Parking in Tahoe City remains a concern for many, and even a plan to provide an increase in spaces has some shaking their heads.
The Tahoe City Downtown Association hosted a community forum Thursday for Placer County and the Tahoe City Marina to share details related to the marina expansion project and proposed new parking garage.
Plans for a parking structure in the Tahoe City marina area have been in the works for years, said Jim LoBue, Placer County Redevelopment Agency program coordinator.
But now the plans are starting to take shape.
The 3-story garage will hold 137 parking spaces and is slated to begin construction in the spring of 2008. The garage should be up and running in 2009, Rae James, deputy director of the Placer Redevelopment Agency, said in a previous interview.
Parking has been pinpointed as a priority for the Tahoe City community, spurred in part by a 2003 parking study that said the town was short by about 170 spaces, said LoBue.
“Parking is something that’s very important to the success or lack of success of a business,” he said.
The first phase of the marina expansion and the parking garage have already been approved by Tahoe Regional Planning Agency and Placer county, said Tahoe City Marina general manager Jim Phelan.
The agencies approved the environmental documents in 2005 and in March. The various projects are now in the permitting process.
The marina expansion will include 81 new boat slips, the rebuilding of the harbormaster building and construction of the parking structure.
The Tahoe City Public Utility District is also working with the marina to relocate a pump station into the new harbormaster building.
The parking garage is considered a Redevelopment Agency project because the marina donated the land for the structure to aid Tahoe City’s parking deficit, Phelan said.
The redevelopment agency is now responsible for construction and will own, operate and maintain the garage when it is completed.
The agency has budgeted $14 million for the project, though the current estimate is closer to $8 million, said LoBue.
“In this case we’ve gone really conservative and padded the excess,” he said.
Compared to the project approved by the county and Tahoe Regional Planning Agency, architects have modified the design, in part due to the view obstruction to longtime Tahoe City restaurant Wolfdales.
The height of the structure has been lowered to 25 feet, with about 6 feet below ground. Additionally the third-floor entrance has been moved to the east side of The Back Country.

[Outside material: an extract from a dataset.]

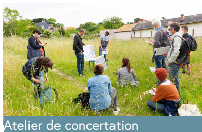
Atelier de concertation

Le projet se construit avec les habitants et usagers du quartier. Une première phase de dialogue (2018-2019) avec les habitants du Bois Hardy avait fait émerger des envies pour le quartier, mais aussi des craintes sur son futur aménagement. Pour prendre en compte plus fortement les enjeux de transition (sociale, écologique, économique), la Collectivité a mis en place une seconde démarche de concertation. Un atelier citoyen s'est réuni à plusieurs reprises entre 2021 et 2022 autour d'une mission : répondre aux questions posées dans le mandat citoyen remis par la Collectivité sur les enjeux à prendre en compte dans l'aménagement du quartier.

“In talking to Wolfdales we came to the decision it was going to block their views,” said Placer County senior redevelopment specialist Candace Rousselet. “[The parking structure] will impact them but not nearly as much as in the environmental document that went through in 2005.”
Wolfdales’ owners Kathleen and Douglas Dale said that Tahoe City indeed needs parking, but that the site and the size of the garage is all wrong. But they’re working with the county to influence as best they can details of structure height, aesthetics and times of construction.
“At the moment [the garage] seems way too beneficial only to the marina. I’m not convinced yet it’s for the members of the town,” Douglas said. “But we’re trying to keep the communication lines open. We’re trying to speak up with a smile.”
The view corridor, funding source and impact of construction are at the forefront of reasons why some critics don’t want to see the Tahoe City Marina three-story parking garage constructed.
But others say parking is indeed a priority and the new garage will address the deficit.
“I do believe we have a shortage or parking in Tahoe City, especially during our peak summers when we need to accommodate our tourists. This won’t solve all our problems, but it’s one step towards the bigger picture,” said Carol Hester, owner of Geared for Games in the Boatworks Mall.
Garwoods owner Tom Turner agreed that everybody will be impacted by the mess of construction, but that the structure will ultimately benefit the business community.
“What we need is parking right now,” Turner said. “What Tahoe City needs is parking.”